Remind me again why I do this? Because doing seasonals at $3K/acre doesn't cut it.


----------



## Defcon 5

GMC Driver said:


> ROI - is that something that can be achieved in this industry? IMHO, seems like many are working to make the payments. Shiny is nice, but it don't stay shiny long.
> 
> Butts in the seats are hard enough to get, and margins dwindle a bit more. Throw salt on top of it, and it get tighter yet. Insurance....
> 
> Remind me again why I do this? Because doing seasonals at $3K/acre doesn't cut it.


$3k Canadian????....That's like $7 bucks american


----------



## Mark Oomkes

GMC Driver said:


> ROI - is that something that can be achieved in this industry? IMHO, seems like many are working to make the payments. Shiny is nice, but it don't stay shiny long.
> 
> Butts in the seats are hard enough to get, and margins dwindle a bit more. Throw salt on top of it, and it get tighter yet. Insurance....
> 
> Remind me again why I do this?

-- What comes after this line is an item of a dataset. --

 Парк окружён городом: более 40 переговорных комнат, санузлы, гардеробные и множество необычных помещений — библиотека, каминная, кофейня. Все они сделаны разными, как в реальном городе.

Because doing seasonals at $3K/acre doesn't cut it.


The challenge?

Too hard-headed to quit?

Klompens are made for plowing?


----------



## GMC Driver

Defcon 5 said:


> $3k Canadian????....That's like $7 bucks american


I've got to move.



Mark Oomkes said:


> The challenge?
> 
> Too hard-headed to quit?
> 
> Klompens are made for plowing?


Because reformed education isn't free?


----------



## Mark Oomkes

GMC Driver said:


> I've got to move.
> 
> Because reformed education isn't free?


Good one as well...except I'm finished with the tuition side of things.


----------



## Ajlawn1

Mark Oomkes said:


> Good one as well...except I'm finished with the tuition side of things.

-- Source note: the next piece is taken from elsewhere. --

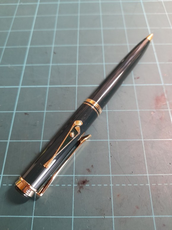 사실 볼펜은 클립 때문에 만년필에서 느꼈던 감동은 없었다. 그냥 D800 볼펜에 골프채 박히고 색감이 짙은 녹색으로 바뀐 정도. 명품 볼펜 중 국내에서 가장 많이 팔리는 몽블랑 164 볼펜의 메커니즘과는 다른데 까르띠에 볼펜의 메커니즘과 유사하다. 묵직하게 스핀하고 볼펜심은 국제호환 규격 사용된다. 탑 부분의 옆면에는 한정판 넘버링이 새겨지고 로고는 96년도 한정판이라 2마리 새끼가 그려져있다.

BS... I'm sure Buzz isn't teaching you for free...


----------



## Defcon 5

Ajlawn1 said:


> BS... I'm sure Buzz isn't teaching you for free...


Give Buzz a few Old Chubs He will do anything for free


----------



## DeVries

Mark Oomkes said:


> Good one as well...except I'm finished with the tuition side of things.


Hope your still paying membership 

We do it because we like to please people, and we don't want to sit in an office or be a sales person for some company that pushes to sell stuff and meet or exceed profit margins at any cost and doesn't deliver on the day they said they would deliver what youve bought.


----------



## Mark Oomkes

DeVries said:


> Hope your still paying membership
> 
> We do it because we like to please people, and we don't want to sit in an office or be a sales person for some company that pushes to sell stuff and meet or exceed profit margins at any cost and doesn't deliver on the day they said they would deliver what youve bought.


I am, happy to help just as so many others have and do.

That's part of it...or maybe because no one will hire me?


----------